Мауна не ответила; что Арзис смог определить: растерянный взгляд (у Мауны? та даже сразу после нападения выглядела какой угодно, но не растерянной), безвольное движение, когда отпила из фляги («безвольное» и Мауна — глупее сочетания не выдумать). Но вызвалась Тоя:
— Хозяйка, можно я скажу Арзису?
— Нужно, — согласилась та.
Тоя поёрзала, и как-то не спешила рассказывать.
— Ну, Той? — подбодрил он. — Чего задумались, затейницы?
— Я перевожу в уме, — зажмурилась Тоя, приложив коготь к переносице. — Я сейчас-сейчас.
Мауна поглядела на мрамрийку, чуть нахмурившись.
— Не зря мы жизнь свою огню отдали, ведь другие вместо нас сильной лапой твёрдо встали, и теперь мы смотрим вниз, видя реку вечной доли, и упрёка нету нам, что мы смерти не изгнали, — на мотив, нараспев разразилась Тоя.
Очень внимательные уши Мауны всё выслушали. А затем она показала жест Ашаи, он же старый жест Сунгов: целуешь ладонь (кулак для львов), а затем — вверх; а затем — медленно опусти. Крайнее одобрение, приветствие героизма. Арзис притаился, лишь всё слушал-наблюдал.
Очень кажется, Тоя очень поняла жест.
— На мрамрийском чуть-чуть не так-не так, — замялась она, затёрла себе платье. — На мрамрийском будет «земле» завместо «огню», потому что мы не сжигаем, а погребаем в землю-землю.
— Тем более, — отсекла Мауна.
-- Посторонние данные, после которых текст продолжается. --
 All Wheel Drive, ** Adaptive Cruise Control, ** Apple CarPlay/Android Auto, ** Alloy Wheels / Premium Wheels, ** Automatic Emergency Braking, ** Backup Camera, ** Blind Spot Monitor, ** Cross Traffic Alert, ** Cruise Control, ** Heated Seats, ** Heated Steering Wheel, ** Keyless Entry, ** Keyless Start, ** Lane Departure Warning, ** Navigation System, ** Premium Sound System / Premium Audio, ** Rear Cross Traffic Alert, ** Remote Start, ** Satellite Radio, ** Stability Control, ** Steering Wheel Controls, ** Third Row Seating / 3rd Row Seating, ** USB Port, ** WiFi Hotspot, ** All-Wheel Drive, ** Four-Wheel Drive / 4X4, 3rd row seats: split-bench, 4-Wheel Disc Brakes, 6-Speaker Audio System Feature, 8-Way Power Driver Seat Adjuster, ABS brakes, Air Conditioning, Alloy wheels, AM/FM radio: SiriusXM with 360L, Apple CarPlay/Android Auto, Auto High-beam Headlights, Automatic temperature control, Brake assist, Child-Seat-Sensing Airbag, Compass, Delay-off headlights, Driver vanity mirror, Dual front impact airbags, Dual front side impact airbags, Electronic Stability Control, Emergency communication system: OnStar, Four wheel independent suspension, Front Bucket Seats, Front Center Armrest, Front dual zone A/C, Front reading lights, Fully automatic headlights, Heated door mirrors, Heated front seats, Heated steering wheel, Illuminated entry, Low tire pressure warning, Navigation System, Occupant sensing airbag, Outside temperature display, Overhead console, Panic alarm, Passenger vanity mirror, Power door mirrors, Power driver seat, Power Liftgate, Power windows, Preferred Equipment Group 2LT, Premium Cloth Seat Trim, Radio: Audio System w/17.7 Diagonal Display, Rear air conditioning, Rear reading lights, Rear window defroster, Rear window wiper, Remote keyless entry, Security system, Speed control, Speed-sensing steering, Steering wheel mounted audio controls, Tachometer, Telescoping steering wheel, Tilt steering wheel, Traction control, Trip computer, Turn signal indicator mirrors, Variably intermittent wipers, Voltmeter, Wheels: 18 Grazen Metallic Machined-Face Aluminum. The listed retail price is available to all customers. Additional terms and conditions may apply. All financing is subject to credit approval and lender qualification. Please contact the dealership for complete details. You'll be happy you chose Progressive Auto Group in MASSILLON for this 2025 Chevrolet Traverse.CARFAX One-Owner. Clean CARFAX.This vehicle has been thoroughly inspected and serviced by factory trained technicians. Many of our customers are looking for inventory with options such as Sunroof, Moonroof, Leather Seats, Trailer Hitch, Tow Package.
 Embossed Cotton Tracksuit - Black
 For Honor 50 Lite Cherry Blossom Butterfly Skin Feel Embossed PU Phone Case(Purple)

А затем вообще: взяла Тоину руку и подняла вверх, будто представляя победительницу неизвестного сражения.
Арзис решил спросить об Амае как-нибудь потом, а то его львицы странно ведутся, если слышат о ней, словно сухого месмерина нанюхались; а ему сейчас нужны послушные, спокойненькие самки. Но получил вот ещё какое знание от Хозяйки; охо, глаза её совсем в огне, прямо как тогда, когда хотела его _сожрать_:
— Она — лучшая Вестающая всех миров. Безупречная.
— Едем к ней, что ли? — предложил Арзис. — А то непонятно, кому верить.
Тоя вздохнула и зачем-то дотронулась к его грязной лапе, прям к когтям, а затем вообще обняла лапу обоими ладошками.
— Все мы приедем к ней, — пообещала Мауна, такая торжественная и яростная.